Bruce Snider is the author of the poetry collections, Paradise, Indiana and The Year We Studied Women. He is co-editor of The Poem’s Country: Place and Poetic Practice. His poems and essays have appeared in the American Poetry Review, Iowa Review, Kenyon Review, Poetry, New England Review, and Best American Poetry, among others. He’s currently an Associate Professor at the University of San Francisco.
Matthew Bevis is Professor in English at Oxford University. He is the author of The Art of Eloquence, Comedy: A Very Short Introduction, and Lessons in Byron. His essays have appeared in Harper’s, The London Review of Books, Raritan, and Poetry, and his next book, Wordsworth’s Fun, will be published by Chicago University Press later this year.

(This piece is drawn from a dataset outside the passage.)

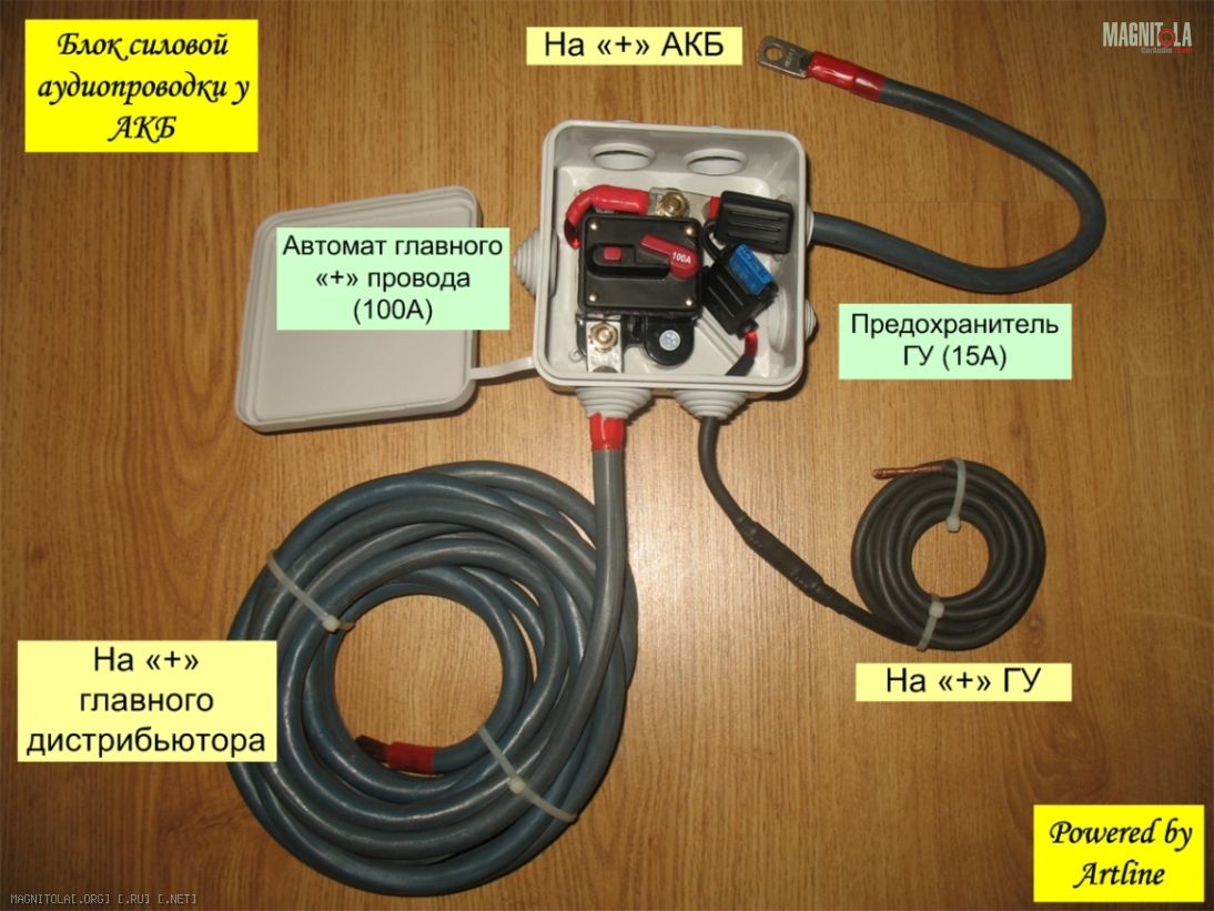 Могу от себя добавить..Лично моё мнение..Для развития системы достаточно двух кабелей 35 КГ(на сварочный ,а силовой кабель)для сварочных робот обычно другой используют (жилы потоньше и количеством их побольше).Почему их должно быть два (многим объяснять не нужно),а так на пальцах..У каждого в розетки два или три проводника(не кто не бегает не подключает к батареям проводники) а один проводник (в целях экономии не берёт с розетки).По этому кузов авто -плохой проводник ,в процессе инстала создающий проблему с наводками и с потерями напряжения.В КГ одна проблема (кроме жёсткости)-изоляция,но я считаю это одной из не малых бед..До распределителя питания его место,дальше всё зависит от длины до усилителей(чем меньше-тем лучше)на первом месте всегда безопасность..В трущихся частях кабеля обязательно дополнительная изоляция,(про крепления кабеля не забываем)чем меньше он движется -тем меньше проблем.Ещё одно зло -пересечение кабелей(силовых-акустических,силовых-межблочный)проблема многих наводок-идеальный вариант когда пересечения нет ,если нет возможности это обойти то пересечение под прямым углом.Обычно преда 60А (на входе)хватает ,но бывают исключения (для примера двойка/тройка усилителей бракс)там и 100А может быть мало..И не нужно складывать преды на усилителях,но ставить меньше чем на усилитях тоже не стоит.Проще замерить ток клещами на входе и понять сколько потребляет ваша система.

Spencer Reece is the author of The Clerk’s Tale and The Road to Emmaus, a long-list nominee for the National Book Award in 2014. In 2017, he edited Counting Time Like People Count Stars, an anthology of poetry by the orphaned girls of Our Little Roses in San Pedro Sula, Honduras. The Secret Gospel of Mark: A Poet’s Memoir, a forthcoming nonfiction book combines the author’s life story with an appreciation of poets: Sylvia Plath, Elizabeth Bishop, George Herbert, James Merrill, Emily Dickinson, Gerard Manley Hopkins, Mark Strand, Richard Blanco, and Greg Pardlo. The Wylie Agency will represent the book to publishers, and it is hoped the book will come out in 2020. Reece is an ordained Episcopal priest and works as the canon to the ordinary for the Bishop of the Spanish Episcopal Church. He is the founder of the Unamuno Author Series.
Spencer Reece es el autor de The Clerk’s Tale y The Road to Emmaus, nominado para el National Book Award en 2014. En 2017, editó Counting Time Like People Count Stars, una antología de las niñas huérfanas de Our Little Roses en San Pedro Sula, Honduras. The Secret Gospel of Mark: A Poet’s Memoir, un próximo libro de no ficción combina la historia de la vida del autor con una apreciación de poetas: Sylvia Plath, Elizabeth Bishop, George Herbert, James Merrill, Emily Dickinson, Gerard Manley Hopkins, Mark Strand, Richard Blanco, y Gregory Pardlo. The Wylie Agency representará el libro ante los editores y se espera que el libro salga en 2020. Reece es un sacerdote episcopal ordenado y funciona como el canon al ordinario para el Obispo de la Iglesia Episcopal Española. Reece es el fundador de Unamuno Author Series.